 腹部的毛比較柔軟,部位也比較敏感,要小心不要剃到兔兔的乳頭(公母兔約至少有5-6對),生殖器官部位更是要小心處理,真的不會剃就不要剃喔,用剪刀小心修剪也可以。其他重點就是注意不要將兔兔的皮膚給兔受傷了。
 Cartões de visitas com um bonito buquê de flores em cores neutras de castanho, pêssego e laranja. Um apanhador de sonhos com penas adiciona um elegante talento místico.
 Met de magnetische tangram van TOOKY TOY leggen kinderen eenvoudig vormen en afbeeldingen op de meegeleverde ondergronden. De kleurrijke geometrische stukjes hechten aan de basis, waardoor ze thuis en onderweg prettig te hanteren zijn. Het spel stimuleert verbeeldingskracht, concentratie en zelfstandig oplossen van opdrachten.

********

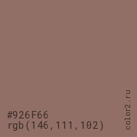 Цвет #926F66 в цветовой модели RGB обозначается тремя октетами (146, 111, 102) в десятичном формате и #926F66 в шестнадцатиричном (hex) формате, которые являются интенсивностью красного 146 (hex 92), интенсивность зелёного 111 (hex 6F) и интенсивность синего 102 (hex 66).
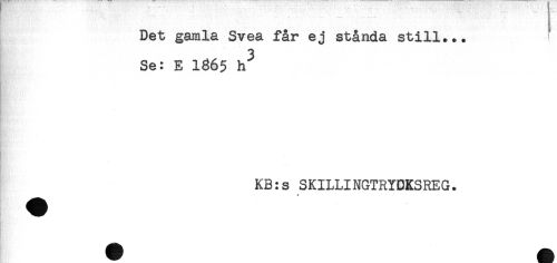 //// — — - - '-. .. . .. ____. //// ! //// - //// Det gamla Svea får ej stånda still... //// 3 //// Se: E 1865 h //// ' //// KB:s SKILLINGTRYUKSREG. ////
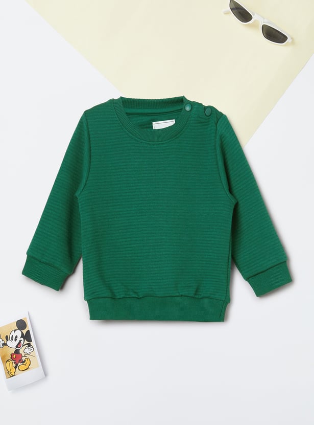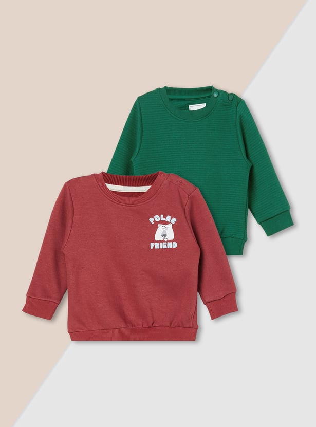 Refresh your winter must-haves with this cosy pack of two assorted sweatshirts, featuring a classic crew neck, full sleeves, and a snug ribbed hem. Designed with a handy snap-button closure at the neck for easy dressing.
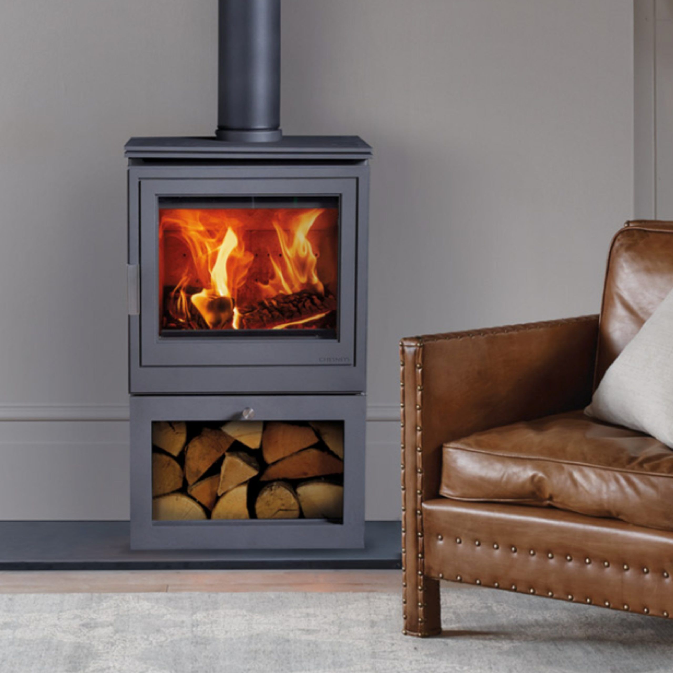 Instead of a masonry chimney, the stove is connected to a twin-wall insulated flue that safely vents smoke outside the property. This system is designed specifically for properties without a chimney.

********

**Exercise aim**
Go to the line in the material above that contains "Cartões de visitas" and copy exactly from there through the line that contains "Met de magnetische", stopping after it.

**Response to this exercise**
 Cartões de visitas com um bonito buquê de flores em cores neutras de castanho, pêssego e laranja. Um apanhador de sonhos com penas adiciona um elegante talento místico.
 Met de magnetische tangram van TOOKY TOY leggen kinderen eenvoudig vormen en afbeeldingen op de meegeleverde ondergronden. De kleurrijke geometrische stukjes hechten aan de basis, waardoor ze thuis en onderweg prettig te hanteren zijn. Het spel stimuleert verbeeldingskracht, concentratie en zelfstandig oplossen van opdrachten.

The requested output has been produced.